This is my bad photo. There’s a better picture of the specimen underneath at the bottom of this post.

The Label: I got curious about the Portuguese Man O’War because the label uses the word ‘colony’ here in a way that I didn’t really understand. When we talk about colonies in the animal kingdom we are usually referring to insects, like bees or ants, where lots of individuals make up a colony. But what does it mean for a colony to make an individual? In the case of the Portuguese Man O’War, a siphonophore, four different types of polyps come together to make an individual like the one pictured. Each kind of polyp has a different function. The inflated bladder, or sail of the Man O’War, helps the creature to float. Then there are reproductive polyps, eating/digestive polyps, and ones that provide the Man O’War’s stinging defence. These latter three types of polyps are themselves made up of groups of individuals called zooids. It’s multiplicities all the way down.

Case Notes: The polyps and zooids that make up a Portuguese Man O’War are genetically identical, and so specialised as to be interdependent (though the individual zooids are structurally similar to other independent species) – so in many ways it does make sense to consider them an individual. But it challenges assumptions that an individual is something entirely singular or uniform.

‘Individuals’ are rarely a closed, or self-contained system. What does this mean? Consider you and your mother. When you are a fetus, some of your cells pass through the placenta and take up residence in your mother’s body. You also get some of your mother’s cells. Even weirder, if you aren’t your mother’s first child, you not only get your mother’s cells, but cells from all your siblings as well. You don’t just have other people’s cells in your body — you also have loads of cells that aren’t human at all. Developmental genetics and embryology scholar Scott F. Gilbert says: ‘Only about half of the cells in our bodies contain a “human genome.” The other cells include about 160 different bacterial genomes. We have about 160 major species of bacteria in our bodies, and they all form complex ecosystems. Human bodies are and contain a plurality of ecosystems.’
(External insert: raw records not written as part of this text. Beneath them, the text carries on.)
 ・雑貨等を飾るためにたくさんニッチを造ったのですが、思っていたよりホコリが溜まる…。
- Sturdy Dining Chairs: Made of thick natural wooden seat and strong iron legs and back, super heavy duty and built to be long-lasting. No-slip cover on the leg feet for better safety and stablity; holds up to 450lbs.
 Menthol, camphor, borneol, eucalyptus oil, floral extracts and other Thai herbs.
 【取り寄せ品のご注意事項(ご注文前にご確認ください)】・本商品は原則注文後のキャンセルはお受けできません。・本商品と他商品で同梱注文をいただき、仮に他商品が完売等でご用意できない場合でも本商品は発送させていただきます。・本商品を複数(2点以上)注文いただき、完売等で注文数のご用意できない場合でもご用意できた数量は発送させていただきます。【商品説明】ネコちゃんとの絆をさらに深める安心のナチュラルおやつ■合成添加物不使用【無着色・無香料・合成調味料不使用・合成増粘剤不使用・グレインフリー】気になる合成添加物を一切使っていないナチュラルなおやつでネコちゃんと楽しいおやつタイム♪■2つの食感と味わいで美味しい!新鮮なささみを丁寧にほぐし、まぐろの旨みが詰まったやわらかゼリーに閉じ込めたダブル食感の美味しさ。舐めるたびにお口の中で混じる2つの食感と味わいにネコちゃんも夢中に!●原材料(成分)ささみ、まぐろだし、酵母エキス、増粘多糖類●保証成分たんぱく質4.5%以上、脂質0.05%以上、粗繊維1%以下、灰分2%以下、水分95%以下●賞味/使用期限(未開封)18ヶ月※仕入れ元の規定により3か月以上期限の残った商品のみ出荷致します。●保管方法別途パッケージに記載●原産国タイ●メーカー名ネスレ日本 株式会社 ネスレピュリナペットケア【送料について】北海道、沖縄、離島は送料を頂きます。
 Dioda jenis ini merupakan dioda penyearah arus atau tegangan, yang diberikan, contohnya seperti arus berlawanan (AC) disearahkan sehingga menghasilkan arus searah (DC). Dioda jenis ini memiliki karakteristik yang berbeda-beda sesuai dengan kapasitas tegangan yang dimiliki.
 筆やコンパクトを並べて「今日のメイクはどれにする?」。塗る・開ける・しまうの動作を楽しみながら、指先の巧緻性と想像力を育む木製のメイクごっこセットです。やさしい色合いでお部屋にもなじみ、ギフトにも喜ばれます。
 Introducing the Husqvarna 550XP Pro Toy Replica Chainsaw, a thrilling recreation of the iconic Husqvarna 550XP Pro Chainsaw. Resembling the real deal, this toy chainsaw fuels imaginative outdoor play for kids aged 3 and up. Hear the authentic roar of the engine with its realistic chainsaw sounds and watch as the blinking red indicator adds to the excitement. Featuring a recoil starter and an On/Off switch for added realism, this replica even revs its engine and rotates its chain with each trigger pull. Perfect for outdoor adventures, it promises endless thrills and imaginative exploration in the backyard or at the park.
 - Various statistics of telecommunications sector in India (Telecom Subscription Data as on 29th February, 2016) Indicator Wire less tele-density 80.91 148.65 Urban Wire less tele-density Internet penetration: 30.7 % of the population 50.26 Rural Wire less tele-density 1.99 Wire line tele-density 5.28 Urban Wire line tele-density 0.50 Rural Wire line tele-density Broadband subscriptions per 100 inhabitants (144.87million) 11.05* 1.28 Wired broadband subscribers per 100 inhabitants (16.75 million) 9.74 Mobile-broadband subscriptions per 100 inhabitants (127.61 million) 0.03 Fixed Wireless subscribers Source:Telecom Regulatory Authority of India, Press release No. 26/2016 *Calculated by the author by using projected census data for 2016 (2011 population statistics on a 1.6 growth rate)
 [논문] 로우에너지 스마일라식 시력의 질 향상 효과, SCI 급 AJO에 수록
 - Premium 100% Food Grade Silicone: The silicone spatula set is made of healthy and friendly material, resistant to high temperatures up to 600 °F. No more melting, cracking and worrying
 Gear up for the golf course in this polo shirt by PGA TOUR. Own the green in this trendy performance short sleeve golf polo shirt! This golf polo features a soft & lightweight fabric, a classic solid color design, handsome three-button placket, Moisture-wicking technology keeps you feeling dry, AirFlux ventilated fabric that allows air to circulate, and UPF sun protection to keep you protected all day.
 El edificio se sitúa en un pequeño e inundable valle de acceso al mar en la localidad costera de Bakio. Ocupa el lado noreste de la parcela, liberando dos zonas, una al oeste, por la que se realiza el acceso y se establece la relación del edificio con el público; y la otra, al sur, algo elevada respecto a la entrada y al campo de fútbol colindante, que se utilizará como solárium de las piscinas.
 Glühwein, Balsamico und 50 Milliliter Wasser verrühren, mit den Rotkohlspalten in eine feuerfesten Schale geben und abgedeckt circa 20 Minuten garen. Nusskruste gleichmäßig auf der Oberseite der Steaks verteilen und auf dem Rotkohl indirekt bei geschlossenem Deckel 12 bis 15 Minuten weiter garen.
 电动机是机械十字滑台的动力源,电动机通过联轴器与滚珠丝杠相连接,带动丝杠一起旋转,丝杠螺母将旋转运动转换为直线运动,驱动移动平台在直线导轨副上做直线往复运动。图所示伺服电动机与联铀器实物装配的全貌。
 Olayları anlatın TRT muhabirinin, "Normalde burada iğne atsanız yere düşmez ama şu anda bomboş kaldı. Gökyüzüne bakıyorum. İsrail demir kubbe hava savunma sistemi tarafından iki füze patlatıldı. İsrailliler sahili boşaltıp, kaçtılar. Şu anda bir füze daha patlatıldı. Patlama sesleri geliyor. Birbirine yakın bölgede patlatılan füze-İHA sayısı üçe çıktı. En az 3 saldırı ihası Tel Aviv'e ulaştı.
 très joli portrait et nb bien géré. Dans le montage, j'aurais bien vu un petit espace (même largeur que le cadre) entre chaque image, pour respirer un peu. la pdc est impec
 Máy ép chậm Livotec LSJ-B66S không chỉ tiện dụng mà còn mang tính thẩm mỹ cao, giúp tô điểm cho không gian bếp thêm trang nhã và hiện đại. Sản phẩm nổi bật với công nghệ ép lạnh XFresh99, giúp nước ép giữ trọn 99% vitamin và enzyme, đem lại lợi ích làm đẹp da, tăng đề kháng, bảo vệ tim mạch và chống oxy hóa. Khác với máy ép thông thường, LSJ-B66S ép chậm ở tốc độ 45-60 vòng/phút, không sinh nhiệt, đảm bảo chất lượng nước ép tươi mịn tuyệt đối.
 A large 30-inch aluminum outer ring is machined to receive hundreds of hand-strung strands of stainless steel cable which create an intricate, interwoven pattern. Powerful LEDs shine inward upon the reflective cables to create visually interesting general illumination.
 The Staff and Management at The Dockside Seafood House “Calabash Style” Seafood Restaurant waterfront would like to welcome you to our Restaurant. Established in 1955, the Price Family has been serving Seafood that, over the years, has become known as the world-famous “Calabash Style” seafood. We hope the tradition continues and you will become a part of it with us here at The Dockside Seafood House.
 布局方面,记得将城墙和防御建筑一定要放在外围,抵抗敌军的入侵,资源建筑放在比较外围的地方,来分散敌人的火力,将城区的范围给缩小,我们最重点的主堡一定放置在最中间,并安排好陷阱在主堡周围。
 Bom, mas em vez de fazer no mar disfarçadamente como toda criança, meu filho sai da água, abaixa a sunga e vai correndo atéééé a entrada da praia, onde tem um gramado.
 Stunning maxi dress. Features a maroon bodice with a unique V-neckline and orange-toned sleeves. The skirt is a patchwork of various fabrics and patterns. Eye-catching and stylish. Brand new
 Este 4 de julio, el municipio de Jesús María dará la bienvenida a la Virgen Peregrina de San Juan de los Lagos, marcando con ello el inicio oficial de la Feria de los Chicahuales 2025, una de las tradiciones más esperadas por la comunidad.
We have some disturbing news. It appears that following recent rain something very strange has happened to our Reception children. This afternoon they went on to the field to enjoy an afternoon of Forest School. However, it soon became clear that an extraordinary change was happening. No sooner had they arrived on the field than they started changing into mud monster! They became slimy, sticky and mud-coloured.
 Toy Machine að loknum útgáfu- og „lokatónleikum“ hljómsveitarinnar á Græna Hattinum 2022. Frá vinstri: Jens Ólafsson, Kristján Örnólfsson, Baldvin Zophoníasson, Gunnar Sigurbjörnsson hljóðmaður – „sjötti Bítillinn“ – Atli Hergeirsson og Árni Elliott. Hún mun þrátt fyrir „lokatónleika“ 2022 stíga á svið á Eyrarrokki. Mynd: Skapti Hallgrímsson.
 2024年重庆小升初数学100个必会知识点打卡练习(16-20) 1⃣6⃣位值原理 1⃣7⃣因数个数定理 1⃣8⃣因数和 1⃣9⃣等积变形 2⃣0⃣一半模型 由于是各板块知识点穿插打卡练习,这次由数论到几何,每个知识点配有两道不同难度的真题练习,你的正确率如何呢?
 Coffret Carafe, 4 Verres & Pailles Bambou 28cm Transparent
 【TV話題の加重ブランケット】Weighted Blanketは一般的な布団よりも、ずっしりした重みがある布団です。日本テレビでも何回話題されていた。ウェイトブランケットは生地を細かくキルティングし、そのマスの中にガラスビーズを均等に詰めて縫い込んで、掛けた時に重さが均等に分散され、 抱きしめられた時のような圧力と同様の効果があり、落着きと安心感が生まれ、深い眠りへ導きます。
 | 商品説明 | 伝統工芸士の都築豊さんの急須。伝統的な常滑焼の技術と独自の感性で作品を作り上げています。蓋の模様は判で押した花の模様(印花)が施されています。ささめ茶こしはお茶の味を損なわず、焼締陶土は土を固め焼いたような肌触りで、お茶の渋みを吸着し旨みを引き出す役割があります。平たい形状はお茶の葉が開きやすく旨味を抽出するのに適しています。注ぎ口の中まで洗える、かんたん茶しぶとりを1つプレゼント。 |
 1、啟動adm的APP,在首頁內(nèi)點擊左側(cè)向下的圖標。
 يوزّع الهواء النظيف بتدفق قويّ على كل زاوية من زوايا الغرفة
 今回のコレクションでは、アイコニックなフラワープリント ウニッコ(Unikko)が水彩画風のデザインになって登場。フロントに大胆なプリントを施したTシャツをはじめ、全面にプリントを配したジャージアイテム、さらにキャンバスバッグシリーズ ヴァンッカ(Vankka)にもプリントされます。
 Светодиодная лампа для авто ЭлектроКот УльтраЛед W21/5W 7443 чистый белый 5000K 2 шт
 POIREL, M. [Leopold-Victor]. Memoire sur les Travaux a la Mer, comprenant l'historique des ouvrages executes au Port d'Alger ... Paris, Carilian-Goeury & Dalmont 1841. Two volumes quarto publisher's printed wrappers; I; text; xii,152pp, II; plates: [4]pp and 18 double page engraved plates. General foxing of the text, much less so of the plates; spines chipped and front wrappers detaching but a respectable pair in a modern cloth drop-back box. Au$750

These examples are not the only way that genetic transfer is more diverse than the Darwinian model of sexual selection (i.e. getting all of your genes from two parents). And a lot of these more varied and spectacular ways are down to bacteria. Next time on Label Detective, we’ll get into these messier models of evolution.

Status: I would say case closed, but since I’ve just spent the blog post arguing against the concept of a closed system, this seems wrong. But we’re done for now.

Notes

This post was inspired by the book Arts of Living on a Damaged Planet, an anthology of essays by zoologists, anthropologists, and scholars that explores how environmental crisis highlights the complex and surprising ways in which all life on earth is entangled. The quote from Scott F. Gilbert comes from his contribution to this book.

The Grant Museum has a number of embryological wax models on display (Images 1, 2, 4, and 5 amongst others not shown here). These models, while often ignored by visitors, are actually quite remarkable as they showcase the brilliance and mystery of embryological development. They were created to help elucidate essential questions like: how do humans and other animals form? How are a bunch of seemingly insignificant cells, with no shape other than a ball, able to grow so much and in such detail to form intricate patterns like our eyes? How can one cell transform itself into such different tissues, from hard rock bone to the jelly like liver? In order to understand how a human body is formed it is vital to study the very first stages of its creation, i.e. when we are just a bunch of cells.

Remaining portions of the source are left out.